**Provided data:**

:::

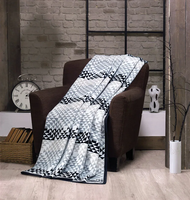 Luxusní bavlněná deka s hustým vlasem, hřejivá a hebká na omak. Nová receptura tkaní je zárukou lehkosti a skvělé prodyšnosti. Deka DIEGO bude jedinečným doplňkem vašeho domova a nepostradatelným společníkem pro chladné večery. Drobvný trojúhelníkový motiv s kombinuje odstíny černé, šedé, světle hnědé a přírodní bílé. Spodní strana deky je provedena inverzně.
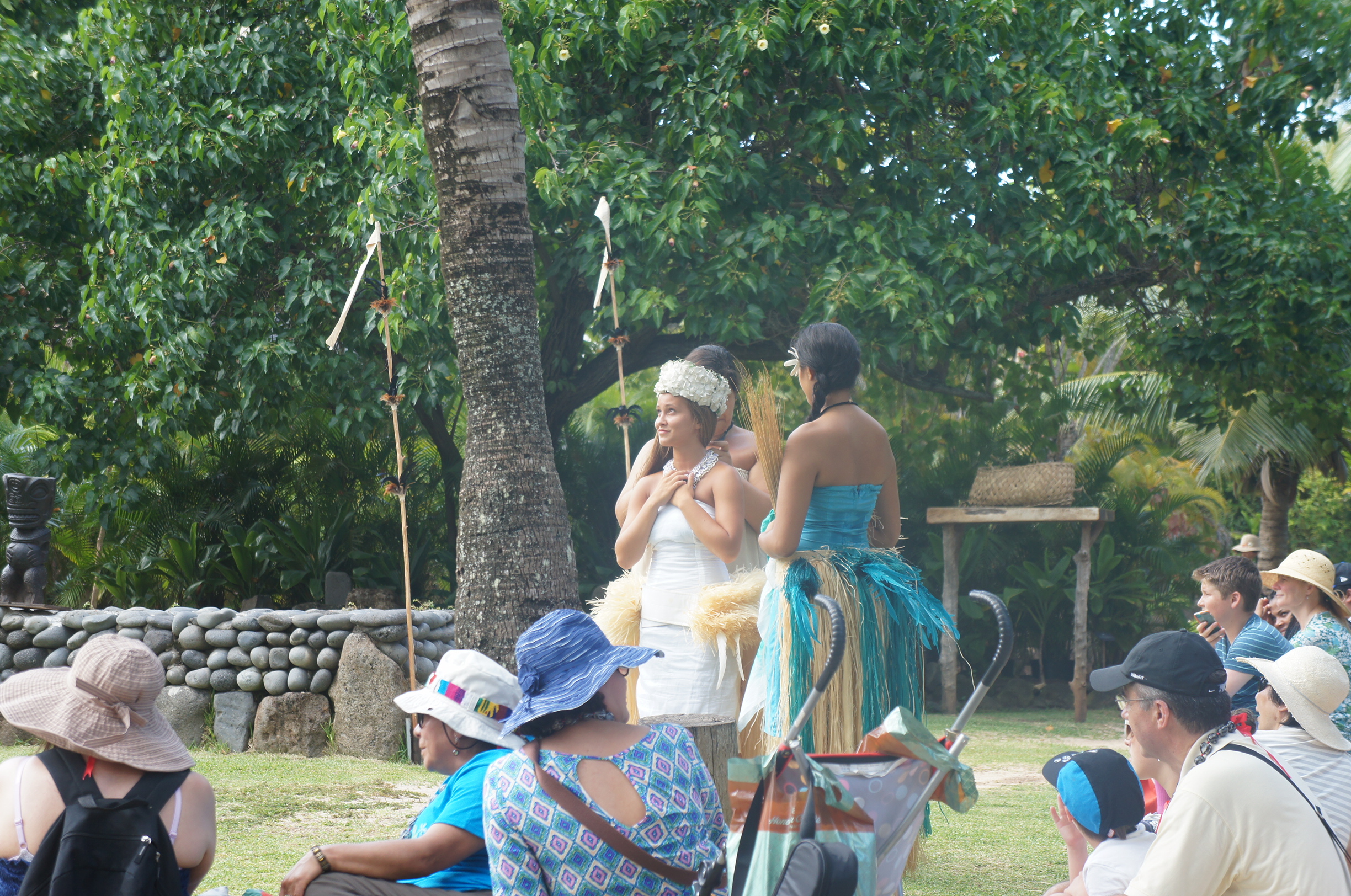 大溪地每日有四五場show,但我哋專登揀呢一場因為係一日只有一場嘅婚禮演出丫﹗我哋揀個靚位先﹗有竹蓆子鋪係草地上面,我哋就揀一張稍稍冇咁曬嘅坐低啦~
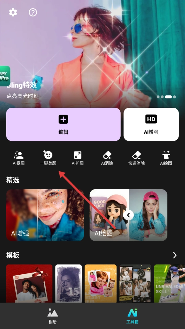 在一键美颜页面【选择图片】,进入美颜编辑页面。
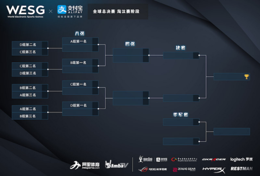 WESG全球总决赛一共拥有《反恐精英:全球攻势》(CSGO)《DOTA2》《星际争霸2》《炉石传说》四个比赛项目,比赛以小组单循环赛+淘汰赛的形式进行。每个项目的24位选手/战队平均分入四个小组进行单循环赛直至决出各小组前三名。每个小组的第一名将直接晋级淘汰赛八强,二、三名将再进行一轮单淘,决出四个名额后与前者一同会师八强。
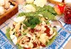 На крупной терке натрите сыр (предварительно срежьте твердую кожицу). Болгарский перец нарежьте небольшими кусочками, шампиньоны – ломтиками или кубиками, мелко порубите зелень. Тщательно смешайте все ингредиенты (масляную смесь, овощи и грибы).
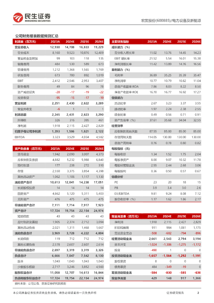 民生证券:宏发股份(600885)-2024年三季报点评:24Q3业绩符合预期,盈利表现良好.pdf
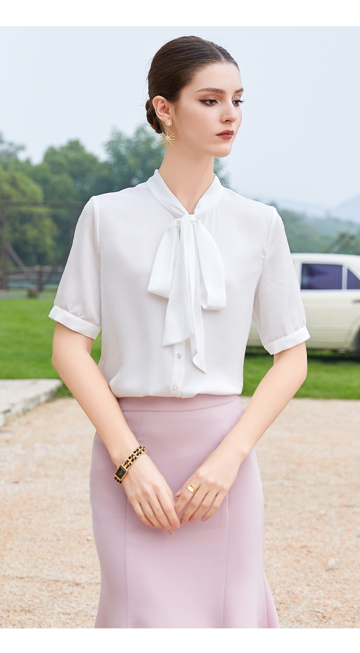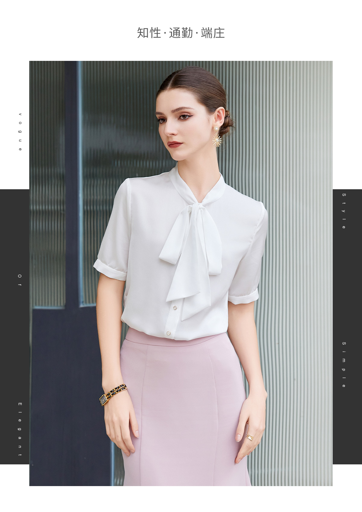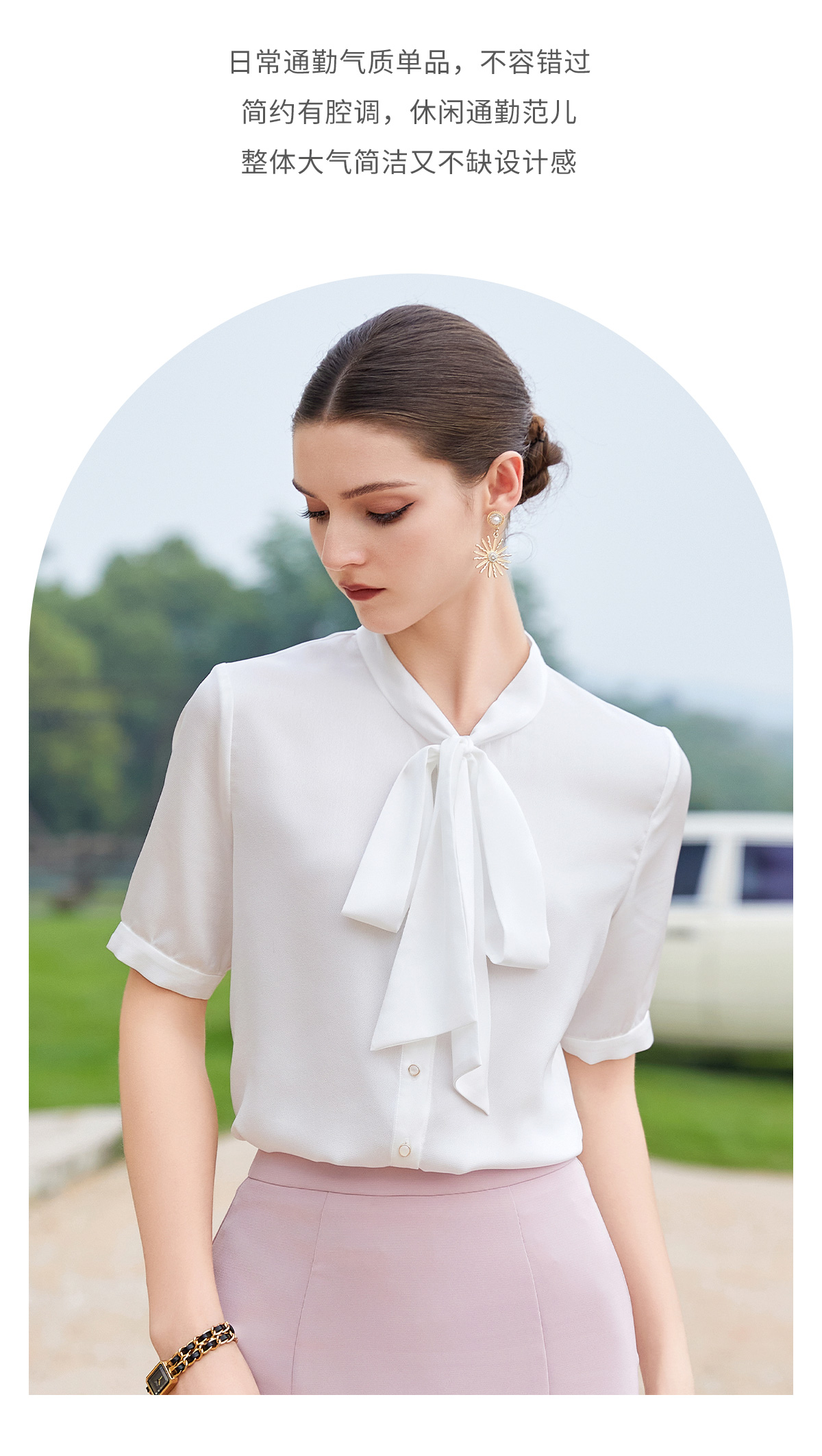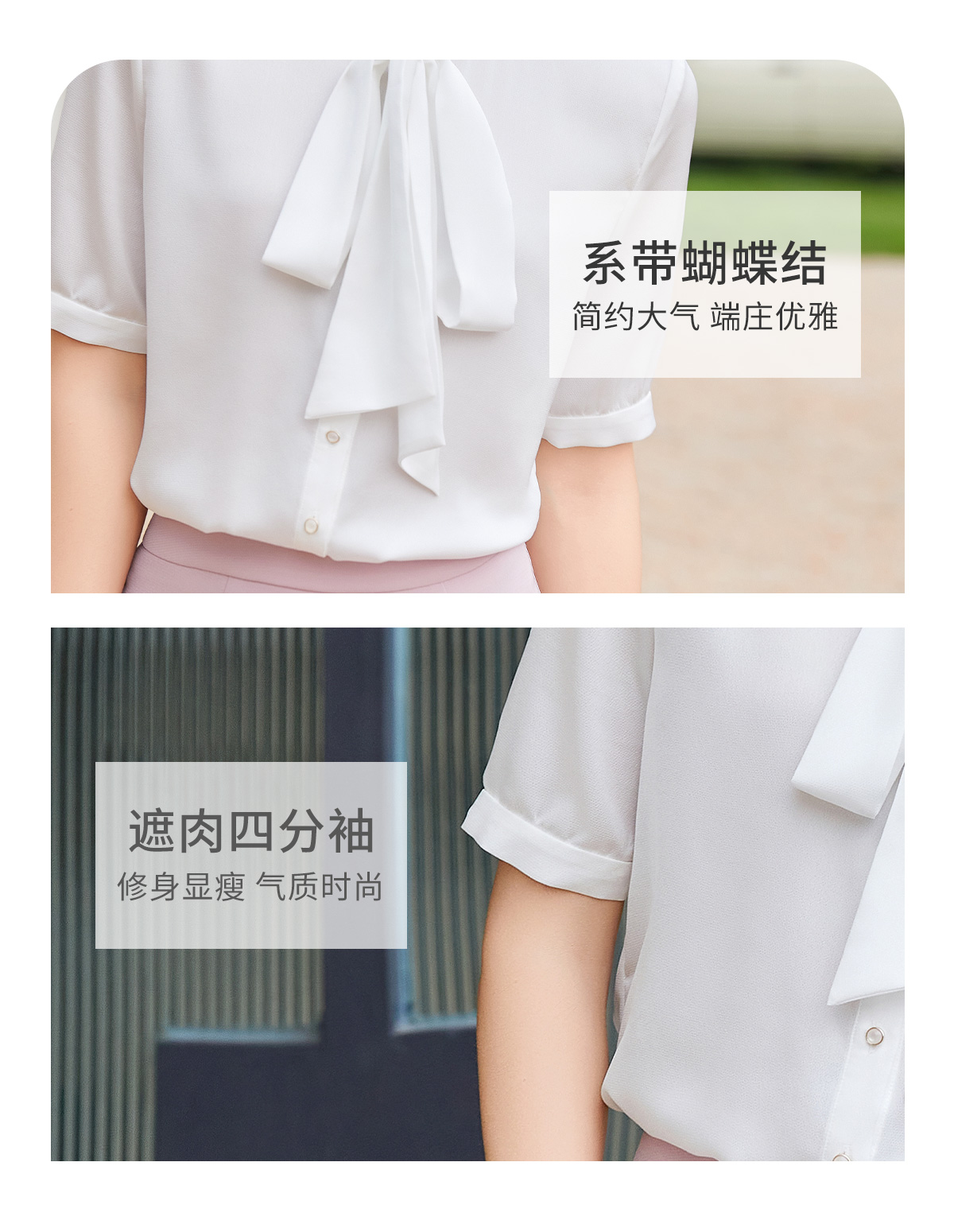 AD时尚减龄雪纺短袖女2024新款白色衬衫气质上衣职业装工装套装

:::

Without the pictures, retype exactly the lines from the one that holds "大溪地每日有四五場show,但我哋專登揀" to the last line of the data above, both of them included.

 大溪地每日有四五場show,但我哋專登揀呢一場因為係一日只有一場嘅婚禮演出丫﹗我哋揀個靚位先﹗有竹蓆子鋪係草地上面,我哋就揀一張稍稍冇咁曬嘅坐低啦~
 在一键美颜页面【选择图片】,进入美颜编辑页面。
 WESG全球总决赛一共拥有《反恐精英:全球攻势》(CSGO)《DOTA2》《星际争霸2》《炉石传说》四个比赛项目,比赛以小组单循环赛+淘汰赛的形式进行。每个项目的24位选手/战队平均分入四个小组进行单循环赛直至决出各小组前三名。每个小组的第一名将直接晋级淘汰赛八强,二、三名将再进行一轮单淘,决出四个名额后与前者一同会师八强。
 На крупной терке натрите сыр (предварительно срежьте твердую кожицу). Болгарский перец нарежьте небольшими кусочками, шампиньоны – ломтиками или кубиками, мелко порубите зелень. Тщательно смешайте все ингредиенты (масляную смесь, овощи и грибы).
 民生证券:宏发股份(600885)-2024年三季报点评:24Q3业绩符合预期,盈利表现良好.pdf
 AD时尚减龄雪纺短袖女2024新款白色衬衫气质上衣职业装工装套装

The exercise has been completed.